Download He Whakaputanga me te Tiriti: the Declaration and the Treaty here.
Overview and result
The following information is from the Ministry of Justice's media release of 14 November 2014 about the Tribunal's report. The report is on the meaning and effect of the Treaty of Waitangi when it was first signed in February 1840.
The rangatira who signed te Tiriti o Waitangi in February 1840 did not cede sovereignty to the British Crown, the Waitangi Tribunal has concluded.
The report concerns the ‘meaning and effect’ of the treaty in February 1840, when the first signings of te Tiriti took place in the Bay of Islands and the Hokianga.
Stage two of the inquiry, which is under way, will consider events after February 1840.
‘Though Britain went into the treaty negotiation intending to acquire sovereignty, and therefore the power to make and enforce law over both Māori and Pākehā, it did not explain this to the rangatira,’ the Tribunal said.
Rather, Britain’s representative William Hobson and his agents explained the treaty as granting Britain ‘the power to control British subjects and thereby to protect Māori’, while rangatira were told that they would retain their ‘tino rangatiratanga’, their independence and full chiefly authority .
‘The rangatira who signed te Tiriti o Waitangi in February 1840 did not cede their sovereignty to Britain,’ the Tribunal concluded. ‘That is, they did not cede authority to make and enforce law over their people or their territories.’
The rangatira did, however, agree ‘to share power and authority with Britain’.
‘They agreed to the Governor having authority to control British subjects in New Zealand, and thereby keep the peace and protect Māori interests,’ the Tribunal said.
‘The rangatira consented to the treaty on the basis that they and the Governor were to be equals, though they were to have different roles and different spheres of influence. The detail of how this relationship would work in practice, especially where the Māori and European populations intermingled, remained to be negotiated over time on a case-by-case basis.’
The Tribunal said that, having considered all of the evidence available to it, the conclusion that Māori did not cede sovereignty in February 1840 was inescapable.
The Tribunal said nothing about how and when the Crown acquired the sovereignty that it exercises today. However, it said, the Crown ‘did not acquire that sovereignty through an informed cession by the rangatira who signed te Tiriti at Waitangi, Waimate, and Mangungu’.
The question of whether the agreement that was reached in February 1840 was honoured in subsequent interactions between the Crown and Māori will be considered during stage two of the inquiry.
Where is Te Paparahi o te Raki?
The Te Paparahi o te Raki inquiry district covers all territories north of Auckland that have not previously been the subject of Waitangi Tribunal historical reports.
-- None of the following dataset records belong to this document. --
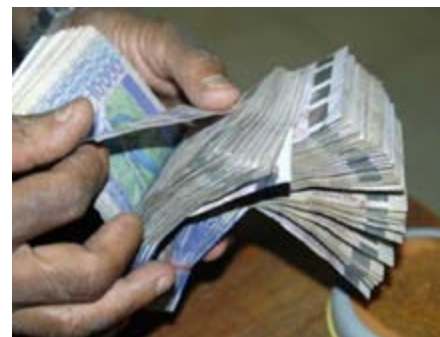
Liasse de billets du franc CFA

Les ministres des finances, les gouverneurs des Banques centrales et les présidents des institutions régionales de la zone franc se sont réunis vendredi 02 octobre 2015 à Paris-Bercy, sous la présidence de Michel Sapin, ministre des Finances et des Comptes publics. Au centre du débat, l'épineuse question du franc CFA.
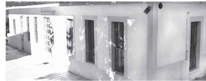
Πρώτη αίθουσα κοινοτικού διδακτηρίου Αρμένων (1881, όπως φαίνεται από την αναμνηστική επιγραφή, ανοικοδομημένο το 1901 και μετασκευασμένο το 1928. Χρησιμοποιείται μέχρι σήμερα ως αίθουσα διδασκαλίας)
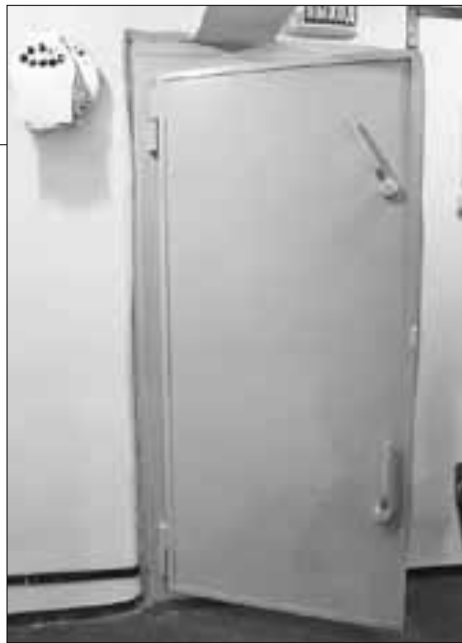
■ Дверь полностью герметична.
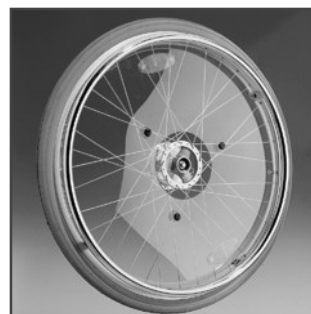
Egerbeskyttere 22" og 24" Bestillingsnr. 60113/60580
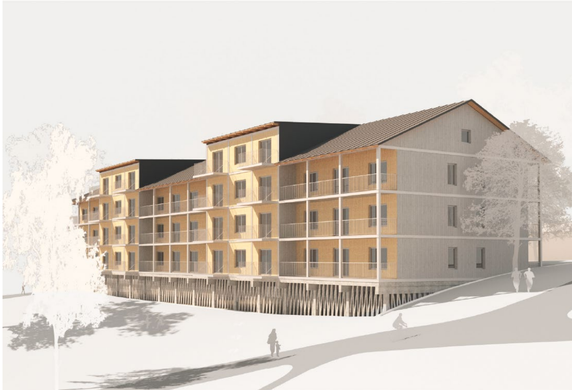
Bilden redovisar förslag på utformningen av bebyggelsen inom Sicklaön 73:49 och 73:50. Bostadsbebyggelsen har ritats av DinellJohansson arkitekter.

Vidare för den tillkommande byggrätten, på det befintliga flerbostadshuset, har en varsamhetsbestämmelse tagits fram som innebär att tillbyggnad eller påbyggnad ska utföras varsamt gentemot de värden och karaktärsdrag som 1940-talsbyggnaden bevarar.
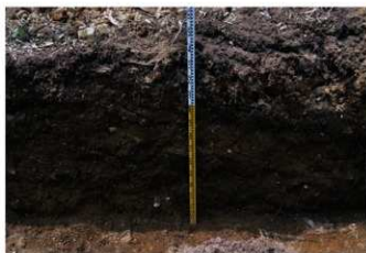
3. 1トレ土層 (南東から)
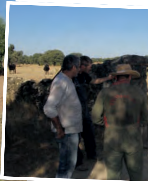
Otros grandes ecosistemas, como los olivares de Castilla-La Mancha, requieren de servicios de asesoramiento.
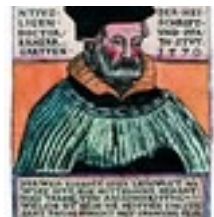
Johannes Brenz in Schaub und Chorrock Kolorierter Kupferstich, um 1568
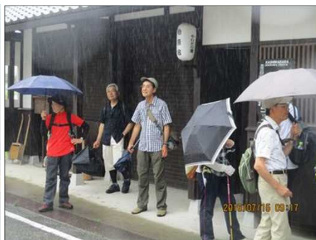
2199 雨止んで欲しいなあ！
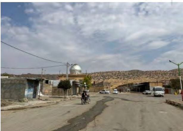
تصویر ۴. محور اصلی تعریض شده ورودی روستا ابوالوفا منتهی به امامزاده.

هادی، طرح وزارت نفت، طرح وزارت نیرو و طرح توسعه اوقاف که هر کدام طبق سیاست‌های خود مداخلاتی را در روستاها اعمال می‌کنند، عامل مهمی در عدم توازن زیست و رشد روستایی هستند. این برنامه‌ها بدون توجه به بافت روستا و مردم بومی پیشروی می‌کنند و موجب آشفتگی در ساختار و توسعه نامتوازن می‌شوند. باتوجه به آمار مذکور در مقاله خراسانی و محمدی (۱۴۰۰) مبنی بر میزان فقر در روستای سرخ‌دم لکی به نسبت شهرستان کوه‌دشت، می‌توان دریافت که اجرای طرح هادی و پروژه‌های زیرساختی از جمله طرح وزارت نیرو و عبور خطوط لوله انتقال گاز از میان زمین‌های زراعی و کشاورزی روستاییان (تصویر ۲)، تأثیر مخربی بر رفاه اقتصادی، معیشت، شغل و زیست اهالی روستای سرخ‌دم لکی داشته است و موجب فروش زمین کشاورزان، نابودی فضای کشاورزی، محدود کردن دسترسی به زمین‌ها، آسیب به محصولات زراعی و کاهش کیفیت زیرساخت‌های معیشتی و آموزشی شده است.
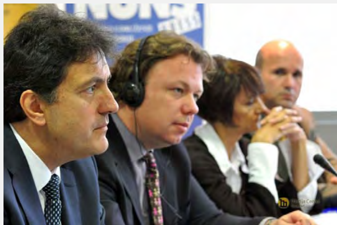
Konferencija u Medija centru (Mc.rs)

psihološku, psihijatrijsku, medicinsku, pravnu pomoć i edukaciju. Delimično je to urađeno aktivnostima organizacija civilnog društva – Beogradskog centra za ljudska prava, Helsinškog odbora za ljudska prava i IAN, kao i Zaštitnika građana. Aktivnosti su uglavnom odnose na nadgledanje stanja u zatvorima, policijskim stanicama i ustanovama socijalne i zdravstvene zaštite.
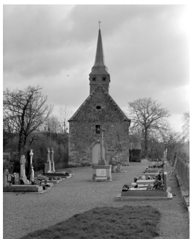
Elévation Ouest : vue générale IVR53_19943500689X

The Tribunal has previously completed inquiries into the Muriwhenua (far north), and the Kaipara and Te Roroa districts on the east coast.
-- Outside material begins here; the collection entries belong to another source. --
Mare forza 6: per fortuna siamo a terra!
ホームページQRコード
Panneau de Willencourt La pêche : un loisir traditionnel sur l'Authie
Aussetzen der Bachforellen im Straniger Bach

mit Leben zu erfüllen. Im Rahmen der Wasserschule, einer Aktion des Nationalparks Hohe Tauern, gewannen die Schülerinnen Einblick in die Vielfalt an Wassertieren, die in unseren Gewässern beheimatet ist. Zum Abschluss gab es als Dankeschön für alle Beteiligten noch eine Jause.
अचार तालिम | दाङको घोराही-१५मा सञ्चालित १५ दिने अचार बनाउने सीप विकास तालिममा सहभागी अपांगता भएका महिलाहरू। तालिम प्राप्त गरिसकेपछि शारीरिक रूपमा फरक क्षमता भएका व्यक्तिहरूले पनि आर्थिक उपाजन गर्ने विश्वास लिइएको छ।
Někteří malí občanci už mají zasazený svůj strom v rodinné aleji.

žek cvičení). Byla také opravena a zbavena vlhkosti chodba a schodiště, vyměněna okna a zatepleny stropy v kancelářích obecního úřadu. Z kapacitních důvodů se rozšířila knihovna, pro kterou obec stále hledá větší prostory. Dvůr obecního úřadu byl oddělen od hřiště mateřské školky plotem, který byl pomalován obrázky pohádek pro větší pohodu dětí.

The inquiry district therefore covers the remaining Northland territories, including the Hokianga, the Bay of Islands, Whangaroa, Whāngārei, Mahurangi, and the Gulf Islands.
Does this report cover the full Te Paparahi o te Raki inquiry district?
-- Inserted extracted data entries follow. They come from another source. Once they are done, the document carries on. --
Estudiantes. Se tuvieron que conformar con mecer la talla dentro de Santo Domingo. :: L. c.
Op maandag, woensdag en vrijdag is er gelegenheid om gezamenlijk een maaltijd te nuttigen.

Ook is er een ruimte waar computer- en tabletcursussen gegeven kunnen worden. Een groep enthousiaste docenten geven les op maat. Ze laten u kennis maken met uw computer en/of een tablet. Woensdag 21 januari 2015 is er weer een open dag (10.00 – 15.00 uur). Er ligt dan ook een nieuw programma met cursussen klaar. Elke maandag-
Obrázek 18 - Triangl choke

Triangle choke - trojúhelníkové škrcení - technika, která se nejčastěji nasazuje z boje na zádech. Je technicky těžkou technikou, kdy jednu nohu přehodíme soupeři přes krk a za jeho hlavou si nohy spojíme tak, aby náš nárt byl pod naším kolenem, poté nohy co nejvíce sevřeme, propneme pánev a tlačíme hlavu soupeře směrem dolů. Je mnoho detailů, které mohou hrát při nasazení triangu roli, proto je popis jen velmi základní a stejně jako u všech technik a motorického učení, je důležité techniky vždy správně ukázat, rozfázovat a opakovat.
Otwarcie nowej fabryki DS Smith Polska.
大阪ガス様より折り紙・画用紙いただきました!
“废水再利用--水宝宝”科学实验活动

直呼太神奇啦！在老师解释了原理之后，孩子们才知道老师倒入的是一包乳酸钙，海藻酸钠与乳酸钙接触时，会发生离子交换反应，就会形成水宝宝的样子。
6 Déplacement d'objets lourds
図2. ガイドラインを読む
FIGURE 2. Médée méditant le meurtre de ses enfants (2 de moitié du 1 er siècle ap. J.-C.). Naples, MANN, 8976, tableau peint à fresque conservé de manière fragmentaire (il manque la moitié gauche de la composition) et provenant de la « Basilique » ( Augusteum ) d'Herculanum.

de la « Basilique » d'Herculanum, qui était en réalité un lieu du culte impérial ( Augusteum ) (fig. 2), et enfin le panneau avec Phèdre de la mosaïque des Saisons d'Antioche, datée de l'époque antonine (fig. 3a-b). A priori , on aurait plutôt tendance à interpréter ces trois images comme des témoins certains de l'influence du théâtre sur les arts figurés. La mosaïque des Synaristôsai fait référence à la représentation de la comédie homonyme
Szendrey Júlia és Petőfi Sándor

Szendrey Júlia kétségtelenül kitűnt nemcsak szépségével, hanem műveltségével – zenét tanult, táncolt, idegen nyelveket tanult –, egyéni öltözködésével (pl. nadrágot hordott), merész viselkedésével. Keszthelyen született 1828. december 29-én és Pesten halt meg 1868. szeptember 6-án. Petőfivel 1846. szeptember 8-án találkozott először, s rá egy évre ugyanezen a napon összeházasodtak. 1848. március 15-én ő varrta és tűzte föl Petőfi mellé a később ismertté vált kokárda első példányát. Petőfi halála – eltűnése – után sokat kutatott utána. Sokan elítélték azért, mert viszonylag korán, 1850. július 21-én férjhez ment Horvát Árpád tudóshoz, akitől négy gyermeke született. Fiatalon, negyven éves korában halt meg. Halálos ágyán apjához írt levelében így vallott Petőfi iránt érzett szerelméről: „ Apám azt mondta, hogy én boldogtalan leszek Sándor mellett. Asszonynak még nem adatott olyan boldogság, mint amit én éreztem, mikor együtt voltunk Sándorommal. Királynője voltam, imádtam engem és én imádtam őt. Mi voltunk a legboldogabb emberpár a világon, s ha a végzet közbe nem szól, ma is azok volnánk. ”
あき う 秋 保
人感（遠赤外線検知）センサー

No. This stage one report is particularly focused on the Bay of Islands and Hokianga. These are the districts where te Tiriti was signed in February 1840. (Specifically, the signings took place at Waitangi on 6 February, Waimate on 10 February, and Mangungu in the Hokianga on 12 February.)
Who signed the treaty in February 1840?
Some 43-46 rangatira signed at Waitangi; six signed at Waimate; and 64 signed at Mangungu. Hobson, as Britain’s representative, signed on each occasion.
Almost all of the rangatira who signed on these occasions were from the Bay of Islands and Hokianga areas.
Who are the claimants?
The claimants are descendants of Māori who lived in the inquiry district in February 1840. Most of the claimants identify as Ngāpuhi.
Why is the inquiry being conducted in two stages?
The Crown and the claimants agreed to a two-stage inquiry.
Stage one is about the ‘meaning and effect’ of the treaty, including the question of whether sovereignty was ceded. It also covers the meaning and effect of the 1835 declaration He Whakaputanga o te Rangatiratanga o Nu Tireni, the Declaration of Independence of New Zealand.
Stage two is considering claims that, since February 1840, the Crown has acted inconsistently with the principles of the treaty. Hearings for stage two of the inquiry have been under way since 2013.
How was the treaty made?
The treaty was drafted in English, then translated into Māori. On 5 February, the Māori text was read to rangatira, and Hobson and his agents also explained the proposed agreement verbally. The rangatira then made speeches in which they sought further explanations and assurances – including assurances that, if they signed, the Governor would be their equal, rather than being above them.
What is the basis for the Tribunal’s conclusion about sovereignty?
Though Britain intended to acquire sovereignty, Hobson and his agents did not explain this clearly. Rather, their emphasis was on the Governor acquiring sufficient authority to control British subjects and so to protect Māori interests. As the party drafting and explaining the treaty, it was up to Britain to make its intentions absolutely clear.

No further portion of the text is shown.